Auditor to urge alleged misspending cases be sent to RCMP
OTTAWA — Canada’s auditor general will recommend the Senate refer 10 cases of alleged misspending by former and current senators to the Mounties, naming names and detailing the disturbing findings that have raised concerns of criminality.
The report will also contain about a dozen recommendations to help the upper chamber prevent further abuse of expenses.
The 10 senators — most of whom are retired — have been informed in writing Michael Ferguson’s final report on Senate spending will single them out and will urge the upper chamber to call in the Royal Canadian Mounted Police over their expense files, the Ottawa Citizen has learned. Ferguson is also expected to explain in detail what his auditors found in each of those 10 cases.
The 10 senators will have the right to challenge his findings to an outside arbitrator. If they choose not to, the Senate will send the file to the Mounties promptly.
(Any finding by the arbitrator their spending was, in fact, justified would force the Senate to pick sides between the arbitrator’s views and those of the auditor.)
If any files involving retired senators go to the RCMP, the Senate is prepared to take those retirees to court to try to recoup wrongfully claimed expenses.
The details come from multiple Senate sources with knowledge of Ferguson’s final report and the Senate’s planned response.

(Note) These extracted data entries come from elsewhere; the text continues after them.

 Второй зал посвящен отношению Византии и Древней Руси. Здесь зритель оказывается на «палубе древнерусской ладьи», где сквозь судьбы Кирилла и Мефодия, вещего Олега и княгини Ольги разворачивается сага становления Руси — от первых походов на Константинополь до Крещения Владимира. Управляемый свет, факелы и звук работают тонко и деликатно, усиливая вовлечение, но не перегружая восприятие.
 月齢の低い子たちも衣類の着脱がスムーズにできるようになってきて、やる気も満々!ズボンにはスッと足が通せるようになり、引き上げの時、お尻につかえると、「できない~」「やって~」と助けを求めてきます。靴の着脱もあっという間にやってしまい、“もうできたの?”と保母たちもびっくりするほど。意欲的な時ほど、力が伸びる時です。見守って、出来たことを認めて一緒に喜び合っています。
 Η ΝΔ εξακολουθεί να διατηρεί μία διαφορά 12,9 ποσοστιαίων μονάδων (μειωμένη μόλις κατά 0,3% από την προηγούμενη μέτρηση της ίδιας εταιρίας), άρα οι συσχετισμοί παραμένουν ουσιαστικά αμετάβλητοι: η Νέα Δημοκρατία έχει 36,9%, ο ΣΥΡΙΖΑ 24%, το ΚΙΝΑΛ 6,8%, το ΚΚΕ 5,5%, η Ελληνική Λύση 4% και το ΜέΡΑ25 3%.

Ferguson’s office would not comment on the final report.
“Our work is ongoing, and it is our intention to have a report ready to deliver to the Speaker of the Senate in the first week of June,” it said in an unsigned email. “We don’t discuss the contents of our audit until it is made public.”

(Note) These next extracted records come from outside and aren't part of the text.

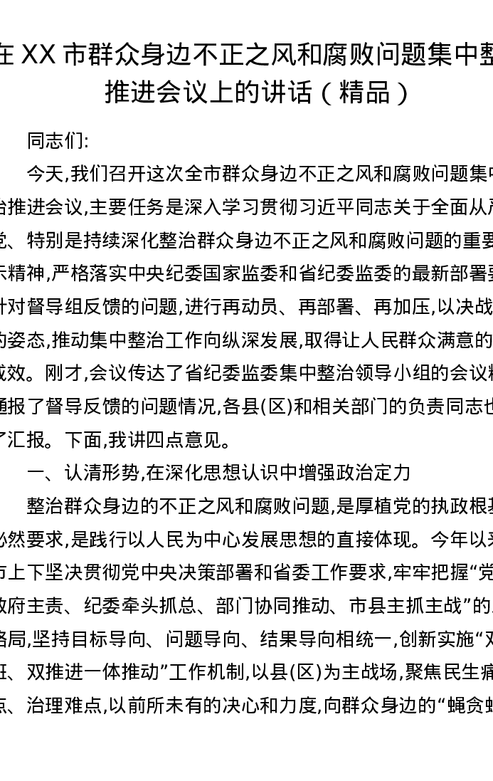 在XX市群众身边不正之风和腐败问题集中整治推进会议上的讲话
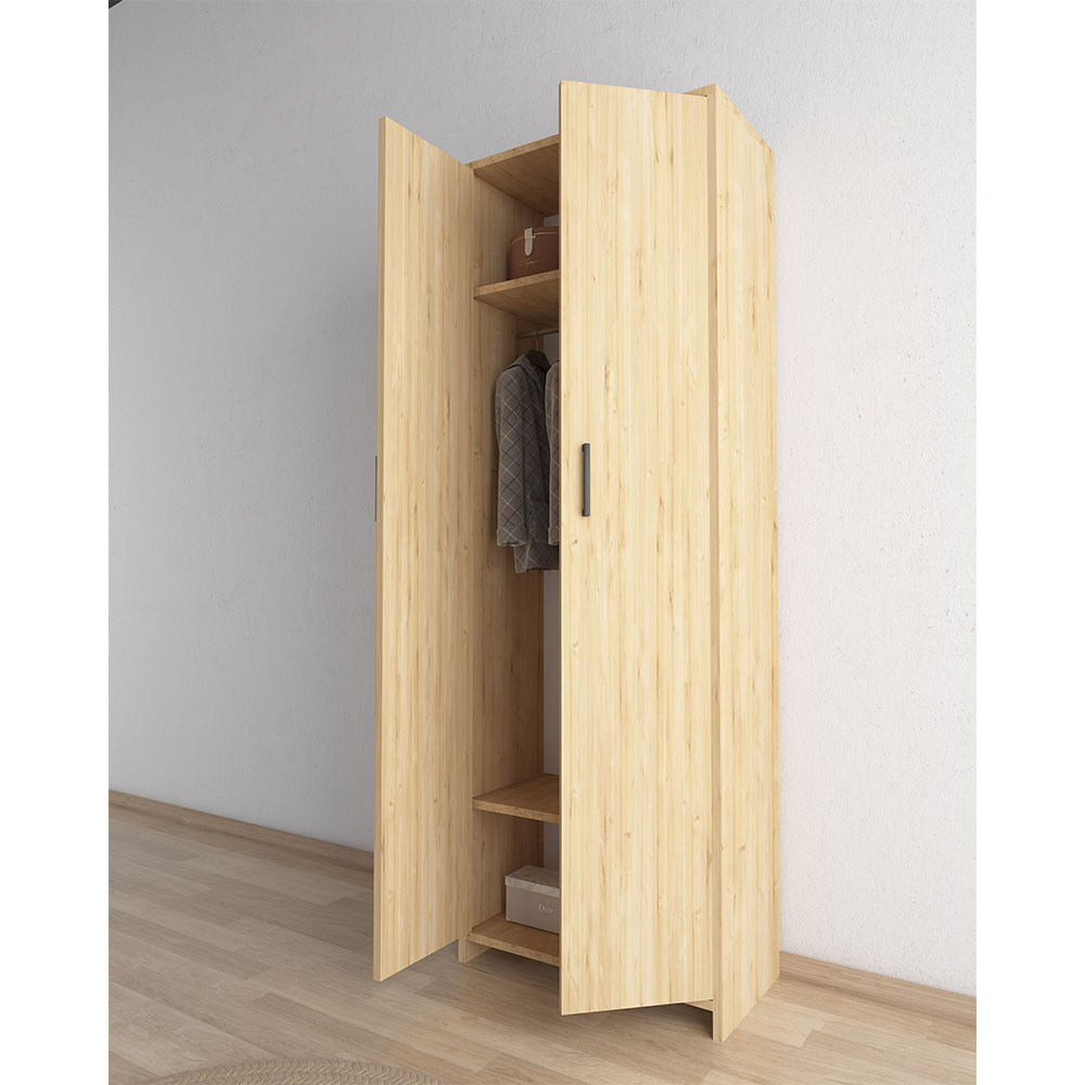 Gardırop BGR 1015, 174 cm yüksekliği, 60 cm genişliği ve 44 cm derinliği ile hem kompakt hem de kullanışlı bir depolama çözümüdür. Gövdesi ve kapakları safir meşe melamin kaplı yonga levha malzemeden üretilmiştir. İç bölümünde askı borusu ve raf alanı bulunur, bu sayede hem askılı hem de katlanabilir giysiler düzenli şekilde yerleştirilebilir. 2 kapaklı sade tasarımı ile hem işlevsel hem de dekoratif bir üründür.
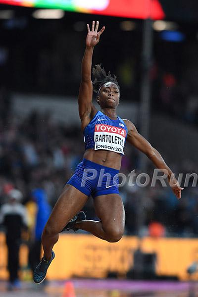 Tianna Bartoletta was trying to get her steps down, and was not in the game until fifth jump. In her sixth, she took the bronze in 6.97m. Spanovic was at 6.96m.
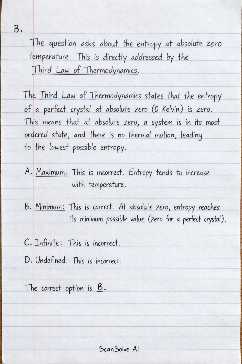 - B. Minimum: This is correct. At absolute zero, entropy reaches its minimum possible value (zero for a perfect crystal).
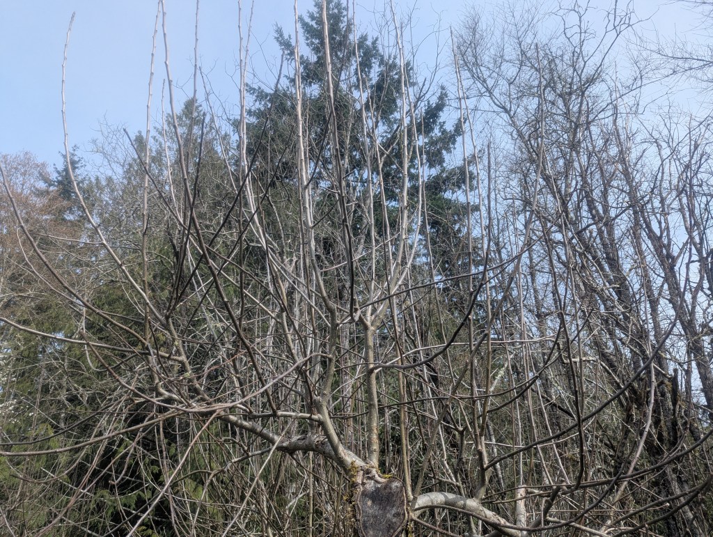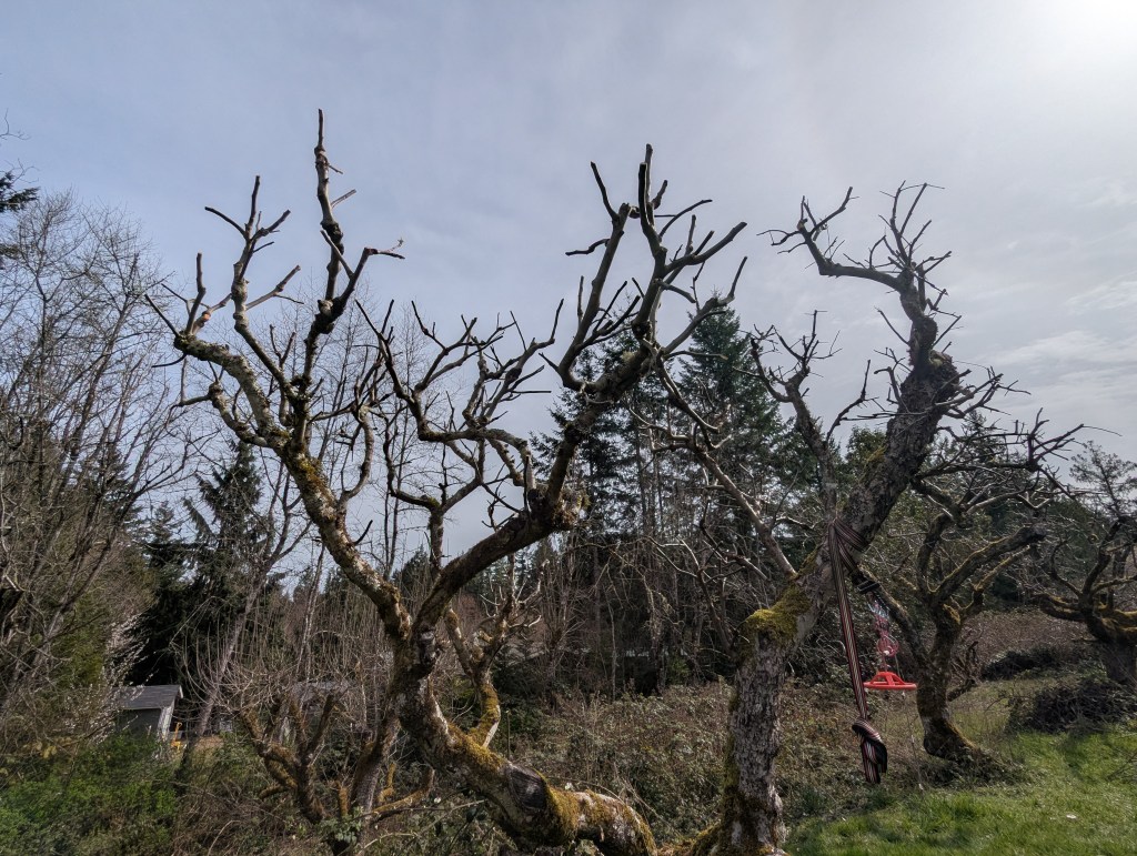 1. Apple trees before pruning look like a hot mess, particularly with the thicket of willow and other vegetation in their background, but are actually quite healthy and cooperative.
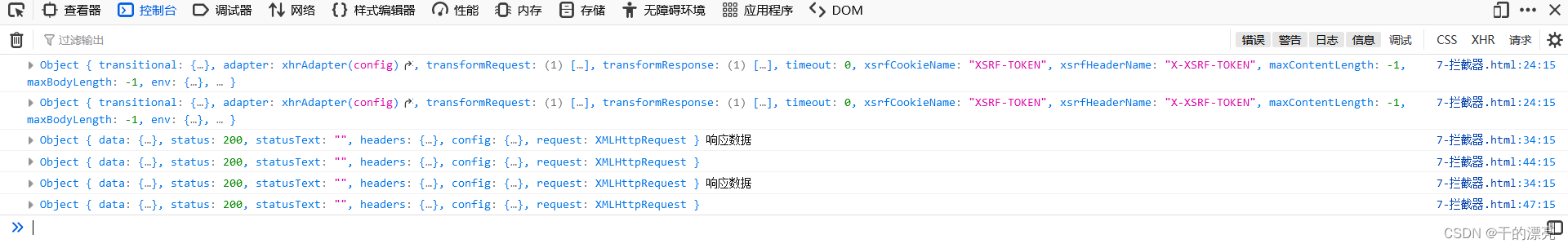 axios给我们提供了两大类拦截器 一种是请求方向的拦截(成功请求,失败请求) 另一种是响应方向的(成功响应,失败响应)

Quietly, senators admit they are bracing for the worst. Ferguson’s audit teams have pored through two years of spending receipts from senators, doing a line-by-line review of travel spending, phone calls, office contracts, lunch receipts and even asking for details about postage used for Christmas cards. The review itself has taken two years, with auditors investigating the spending habits of 117 past and present senators.
The most problematic expense claims have previously been pegged by Senate sources as being worth more than $100,000 in some cases, with housing and travel claims at the root of concerns. Between 20 and 30 more senators will have details of their problematic claims outlined in the final report.